ACM SIGSAC Conference on Computer and Communications Security, (ACM CCS 2024)

Abdul Haddi Amjad, Shaoor Munir, Zubair Shafiq, Muhammad Ali Gulzar


Modern websites extensively rely on JavaScript to implement both functionality and tracking. Existing privacy enhancing content blocking tools struggle against mixed scripts, which simultaneously implement both functionality and tracking, because blocking the script would break functionality and not blocking it would allow tracking. We propose Not.js, a fine grained JavaScript blocking tool that operates at the function level granularity. Not.js’s strengths lie in analyzing the dynamic execution context, including the call stack and calling context of each JavaScript function, and then encoding this context to build a rich graph representation.
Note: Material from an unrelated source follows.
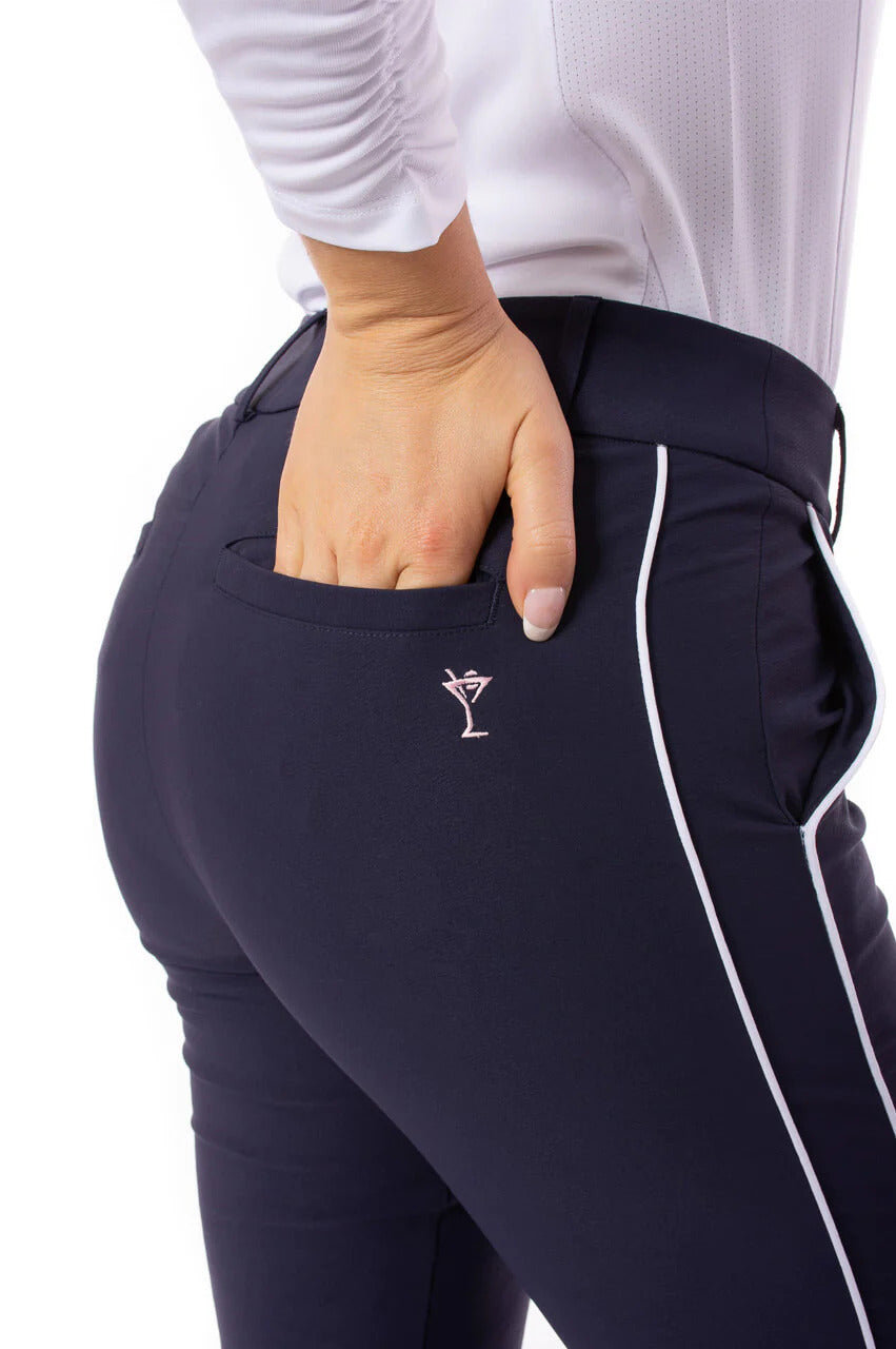 Look fabulous in the Navy Pull-On Ankle Pant with a sporty white stripe down the sides. This lightweight stretch pant offers sophistication and comfort, to be worn for golf, dinner, or a work-from-home look.

Not.js trains a supervised machine learning classifier on a webpage’s graph representation to first detect tracking at the JavaScript function level and then automatically generate surrogate scripts that preserve functionality while removing tracking. Our evaluation of Not.js on the top 10K websites demonstrates that it achieves high precision (94%) and recall (98%) in detecting tracking JavaScript functions, outperforming the state of the art while being robust against off the shelf JavaScript obfuscation. Fine grained detection of tracking functions allows Not.js to automatically generate surrogate scripts that remove tracking JavaScript functions without causing major breakage. Our deployment of Not.js shows that mixed scripts are present on 62.3% of the top 10K websites, with 70.6% of the mixed scripts being third party that engage in tracking activities such as cookie ghostwriting. We share a sample of the tracking functions detected by Not.js within mixed scripts not currently on filter lists with filter list authors, who confirm that these scripts are not blocked due to potential functionality breakage, despite being known to implement tracking.